Reviving Prayers Answered Blend
- Bio
- Summary
- Transcript
- Download

Olive Bertha Smith (1888–1988). Born on November 16, 1888, near Cowpens, South Carolina, to John and Frances Smith, Bertha Smith was a Southern Baptist missionary and prayer advocate who profoundly influenced global missions. The fifth of eight children, she grew up in a churchgoing family and accepted Christ at 16 during a revival, stepping forward to trust in His salvation.

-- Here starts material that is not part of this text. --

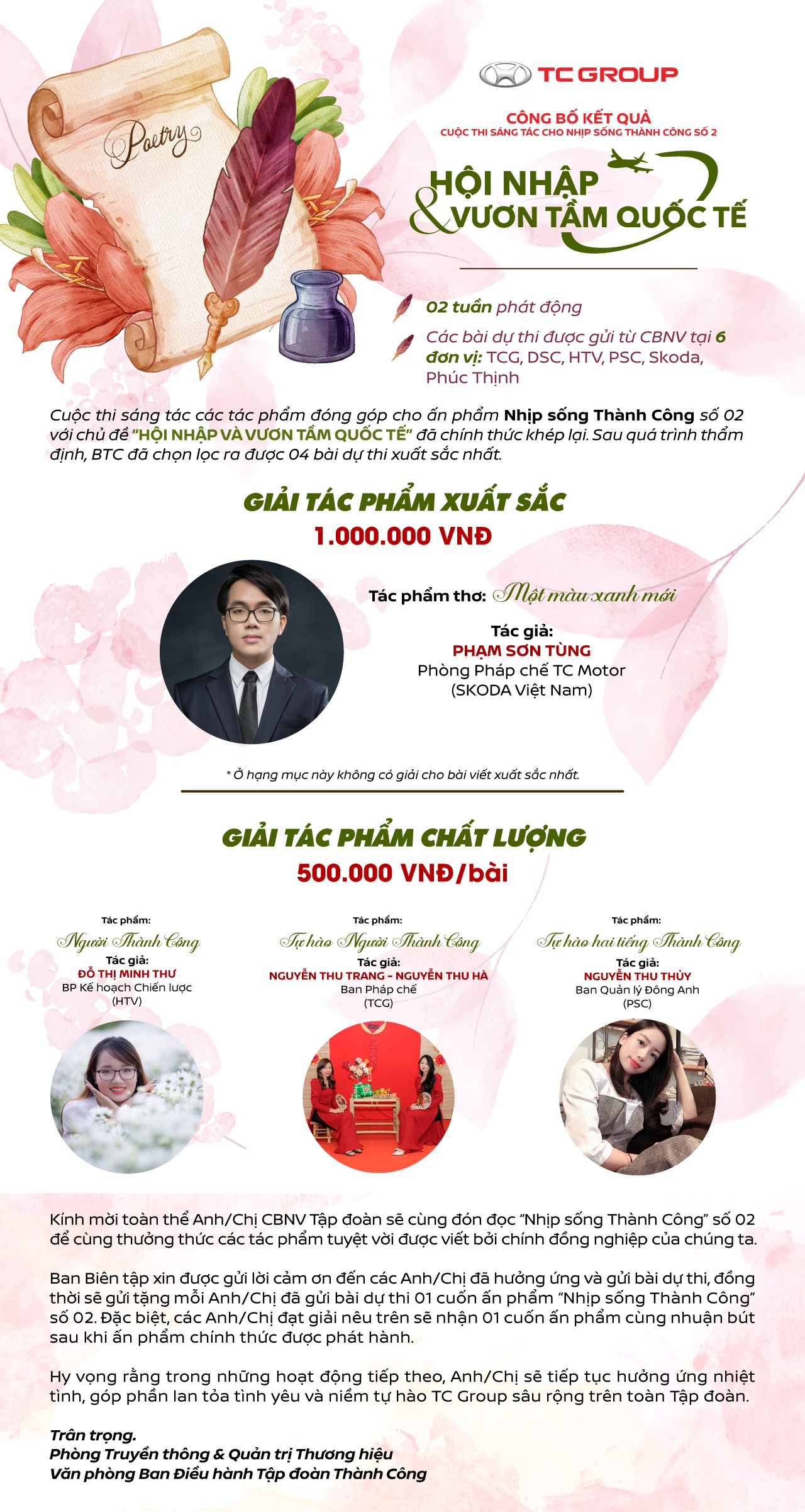 Anh/Chị hãy chờ đợi và đón đọc ấn phẩm “Nhịp sống Thành Công” số 02 khi chính thức được phát hành để cùng thưởng thức những tác phẩm thơ ấn tượng đã được chắp bút từ chính những đồng nghiệp của chúng ta!
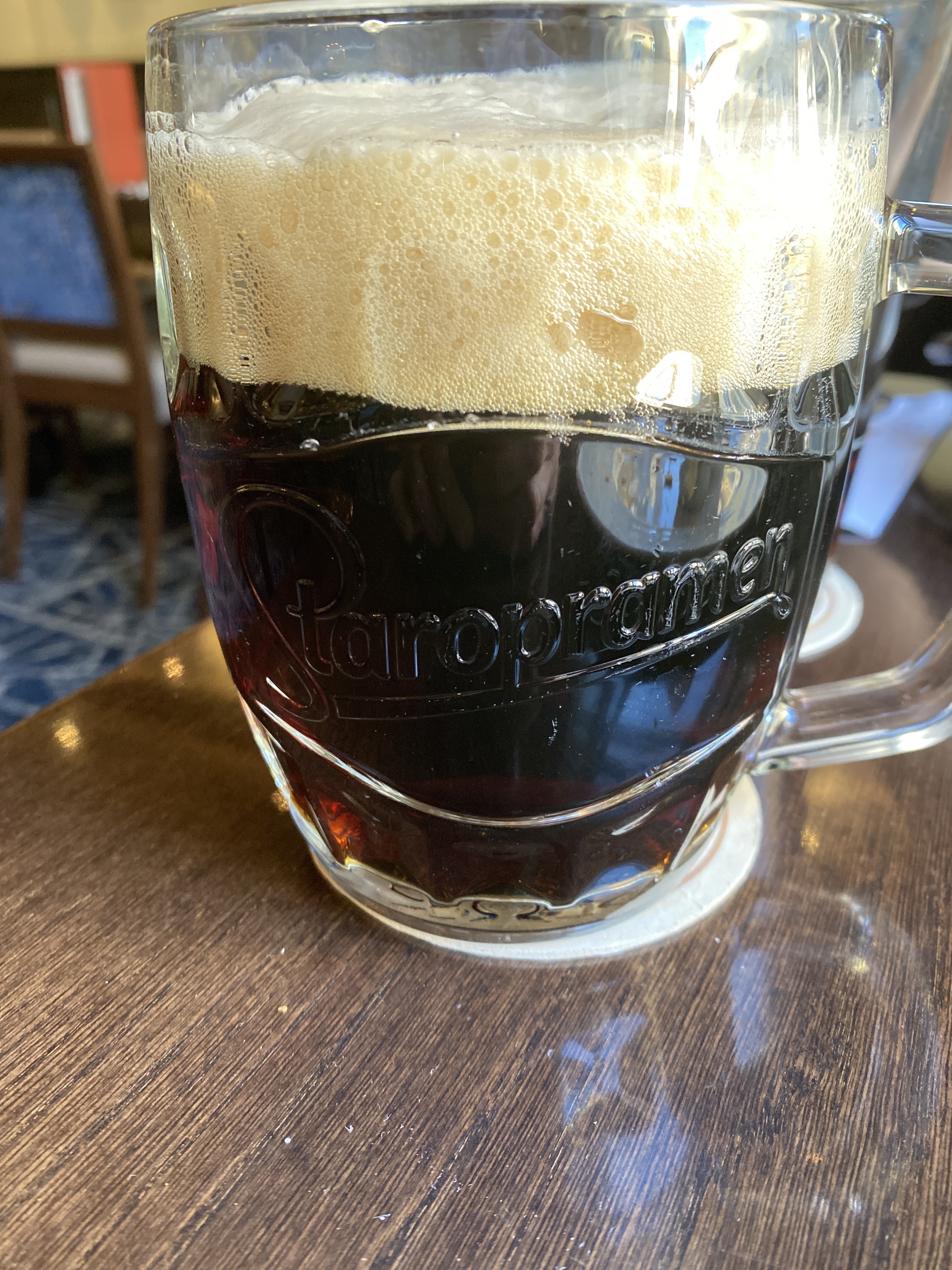 Dan was het voor Robin nu eindelijk tijd om echt te gaan shoppen. Ze ging ervan uit binnen één uur weer terug te zijn. Dit tot ze een extra straat vond waar nog meer winkels zijn. Geeft mij mooi de tijd om mijn blog te schrijven. Om half 6 hadden we gereserveerd bij Hard Rock café. Dit kan natuurlijk niet ontbreken bij een bezoek aan een grote stad. Zoals ik van Hard Rock gewend ben, heb hier heerlijk gegeten. Dit samen met een nieuw Tsjechisch bier (staropramem). Ditmaal een ongefilterd en donker (stout) bier. Dit werd uiteraard weer geserveerd met een flinke schuimkraag. Dit is blijkbaar waar de Tsjechen van houden. Over bier gesproken. Dit is sowieso wel echt een ding in Tsjechië. Overal vind je bier en zie je mensen met bier lopen. Toeristen doen hier trouwens graag aan mee. We hebben voornamelijk veel groepen Engelse toeristen gehoord. Als je wel eens dronken Engelsen dan snap je goed dat deze niet te missen zijn. Zij gaan zich zo overdreven dom en luidruchtig gedragen. Wij liepen vandaag tussen 10 en 11 door de straten van Praag. Wij zagen toen de eerste mensen al aan het bier. Waar je zin in hebt.

After graduating from Winthrop College in 1913 with a bachelor’s degree, she taught briefly before enrolling in the Woman’s Missionary Union Training School in Louisville, Kentucky, graduating in 1916. Appointed by the Southern Baptist Foreign Mission Board in 1917, she served in China’s Shantung Province for 30 years, teaching at a girls’ school, leading Bible studies, and witnessing the Shantung Revival of the late 1920s, which saw thousands converted through repentance and prayer. Expelled by Communists in 1948, she became the first board-appointed missionary to Taiwan, serving a decade until mandatory retirement at 70 in 1958, despite working 15-hour days. Smith authored Go Home and Tell (1965) and How the Spirit Filled My Life (1973), recounting her experiences and revival principles, and founded the Peniel Prayer Center in Cowpens to foster spiritual renewal. In retirement, she traveled to over 15 countries, preaching to churches and inspiring figures like Adrian Rogers and Charles Stanley, until her death on June 12, 1988, at 99. She said, “Prayer is the mightiest force God has put into our hands.”